> **SUPPLIED MATERIAL**
---
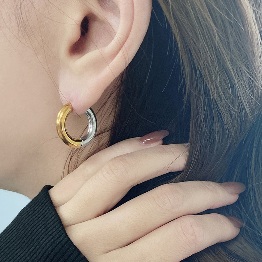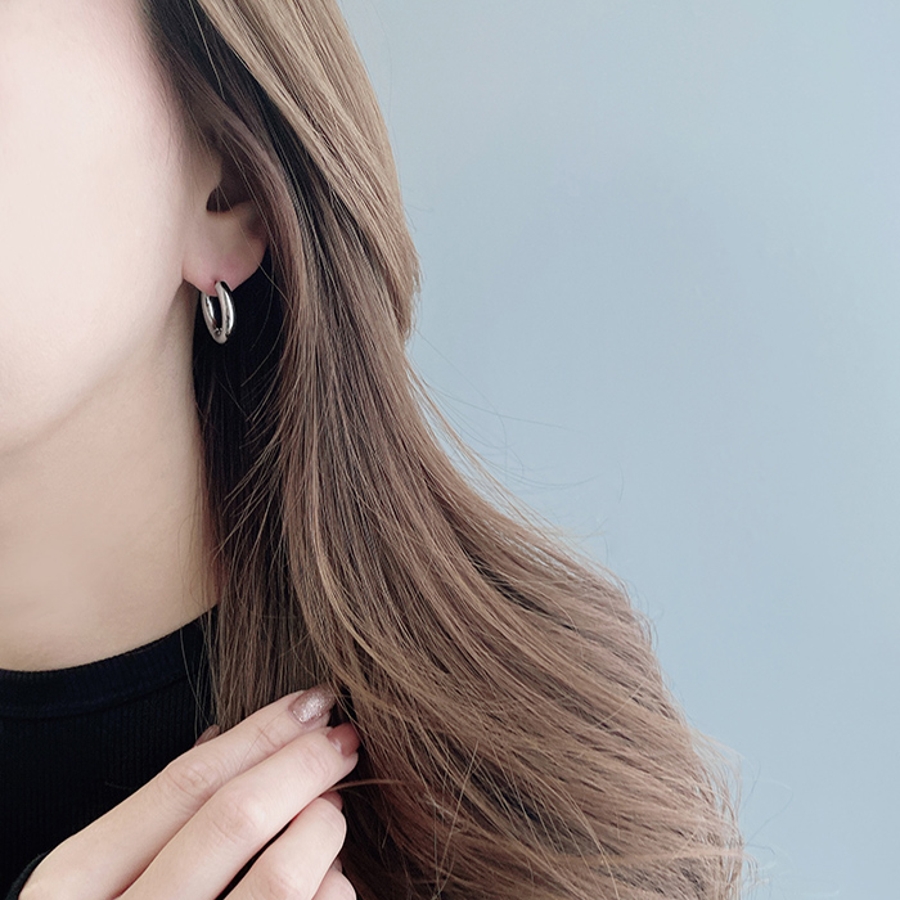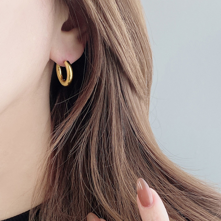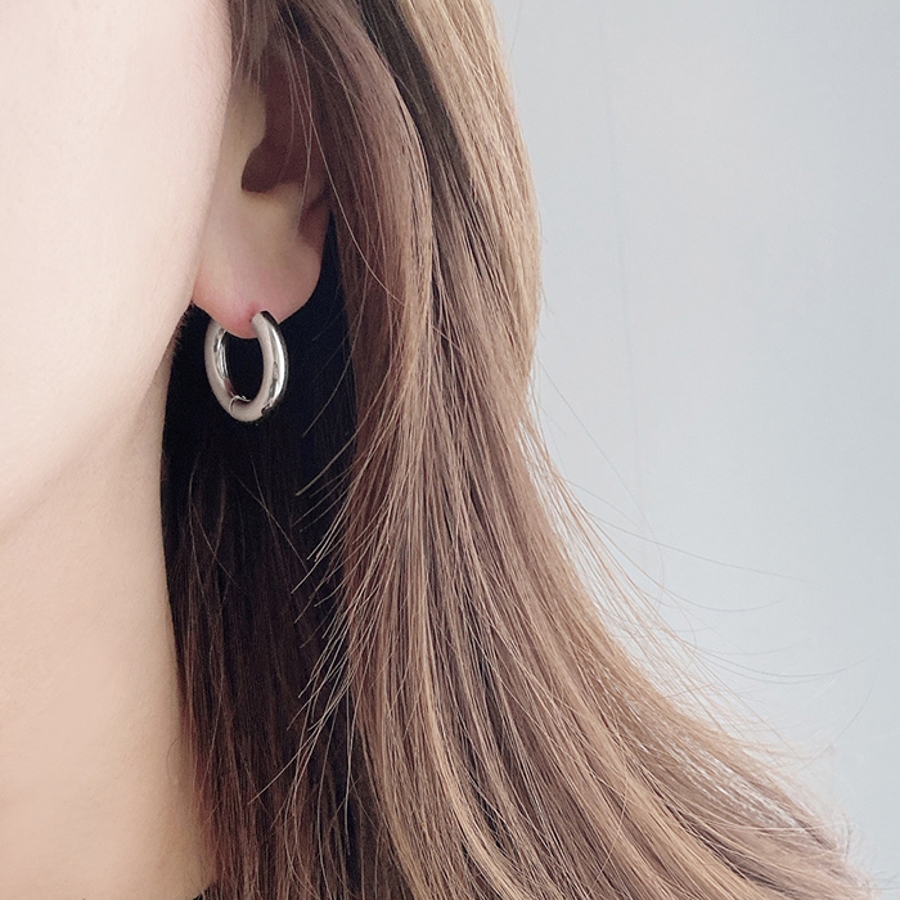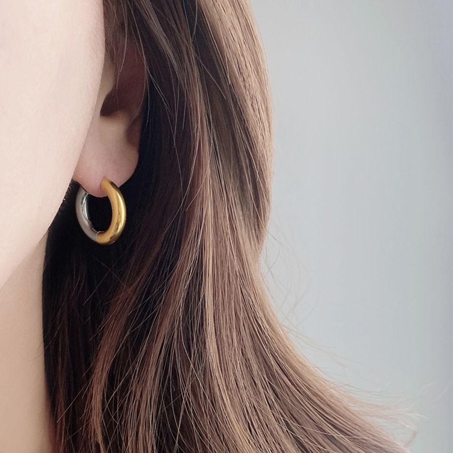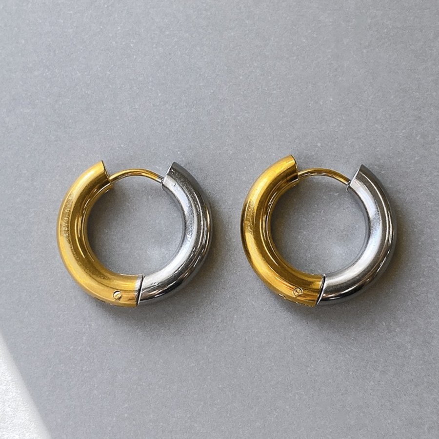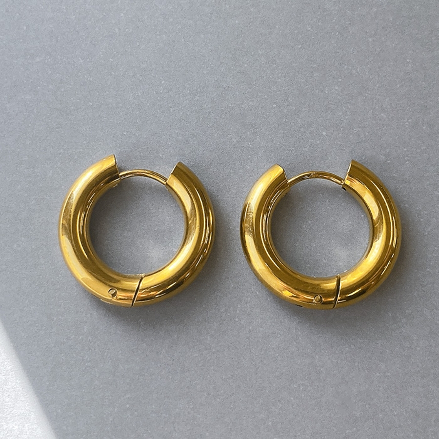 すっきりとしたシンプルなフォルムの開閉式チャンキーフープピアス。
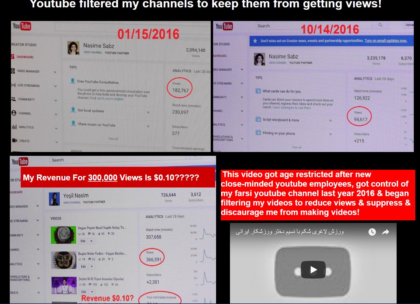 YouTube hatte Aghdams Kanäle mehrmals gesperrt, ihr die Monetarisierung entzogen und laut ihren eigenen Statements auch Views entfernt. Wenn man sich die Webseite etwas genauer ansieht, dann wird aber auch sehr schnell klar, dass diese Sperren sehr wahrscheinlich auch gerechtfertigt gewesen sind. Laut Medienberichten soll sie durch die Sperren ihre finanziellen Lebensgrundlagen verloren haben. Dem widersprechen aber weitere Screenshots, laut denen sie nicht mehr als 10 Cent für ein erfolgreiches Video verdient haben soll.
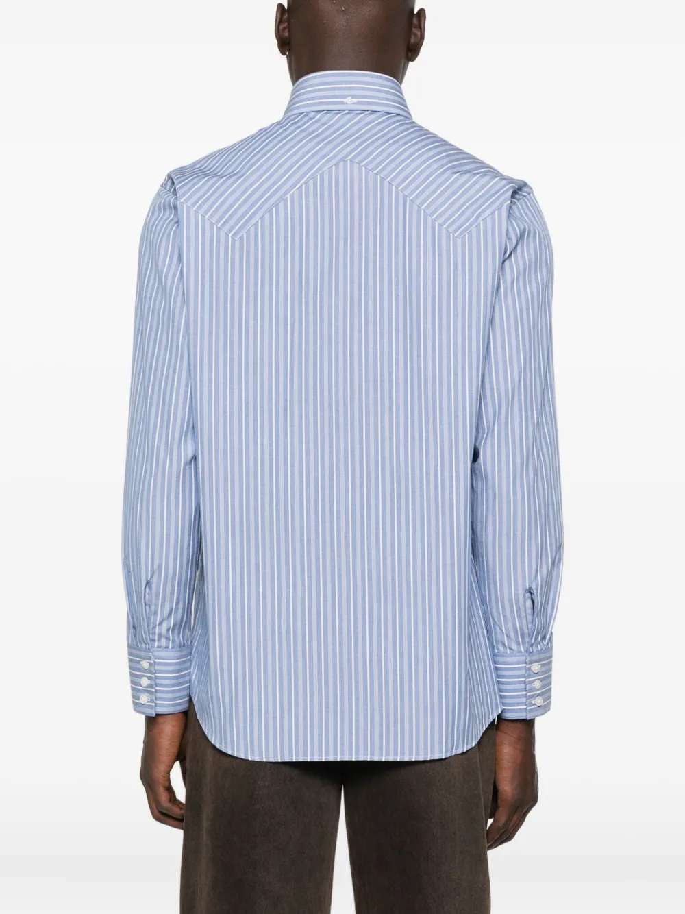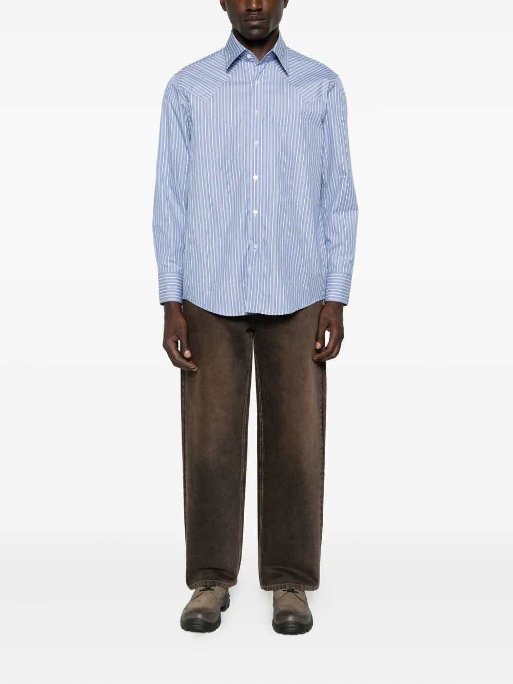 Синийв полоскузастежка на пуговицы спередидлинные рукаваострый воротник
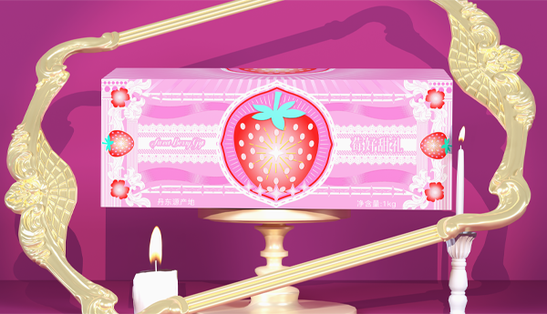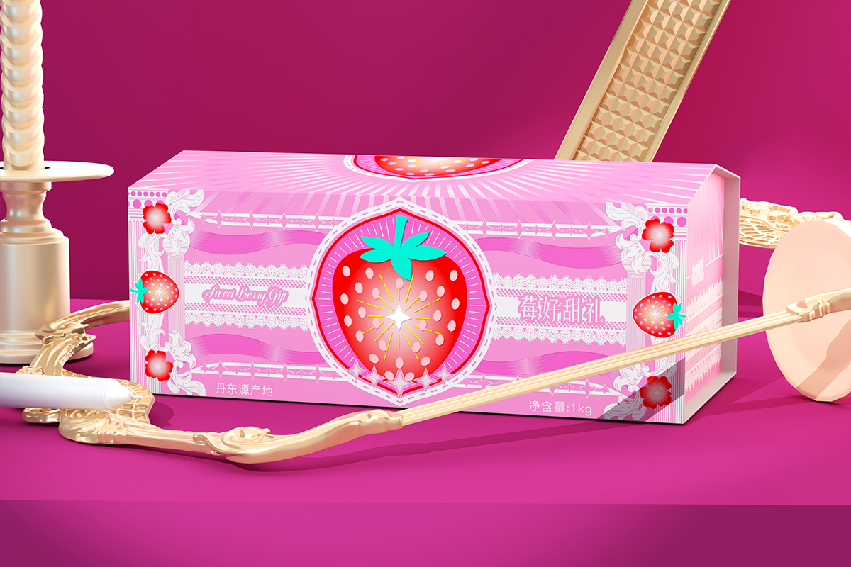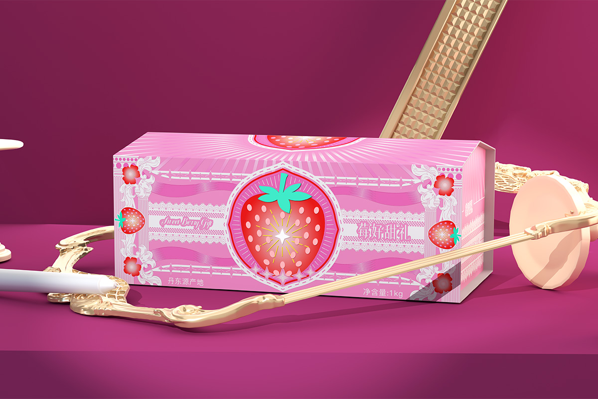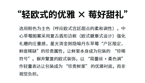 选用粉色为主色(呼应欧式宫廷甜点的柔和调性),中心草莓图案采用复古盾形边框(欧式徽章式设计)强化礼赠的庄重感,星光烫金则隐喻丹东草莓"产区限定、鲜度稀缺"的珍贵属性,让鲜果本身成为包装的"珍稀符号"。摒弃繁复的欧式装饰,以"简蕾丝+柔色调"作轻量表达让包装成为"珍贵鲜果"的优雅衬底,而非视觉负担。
---
Write out the full listing verbatim, excluding its pictures.

 すっきりとしたシンプルなフォルムの開閉式チャンキーフープピアス。
 YouTube hatte Aghdams Kanäle mehrmals gesperrt, ihr die Monetarisierung entzogen und laut ihren eigenen Statements auch Views entfernt. Wenn man sich die Webseite etwas genauer ansieht, dann wird aber auch sehr schnell klar, dass diese Sperren sehr wahrscheinlich auch gerechtfertigt gewesen sind. Laut Medienberichten soll sie durch die Sperren ihre finanziellen Lebensgrundlagen verloren haben. Dem widersprechen aber weitere Screenshots, laut denen sie nicht mehr als 10 Cent für ein erfolgreiches Video verdient haben soll.
 Синийв полоскузастежка на пуговицы спередидлинные рукаваострый воротник
 选用粉色为主色(呼应欧式宫廷甜点的柔和调性),中心草莓图案采用复古盾形边框(欧式徽章式设计)强化礼赠的庄重感,星光烫金则隐喻丹东草莓"产区限定、鲜度稀缺"的珍贵属性,让鲜果本身成为包装的"珍稀符号"。摒弃繁复的欧式装饰,以"简蕾丝+柔色调"作轻量表达让包装成为"珍贵鲜果"的优雅衬底,而非视觉负担。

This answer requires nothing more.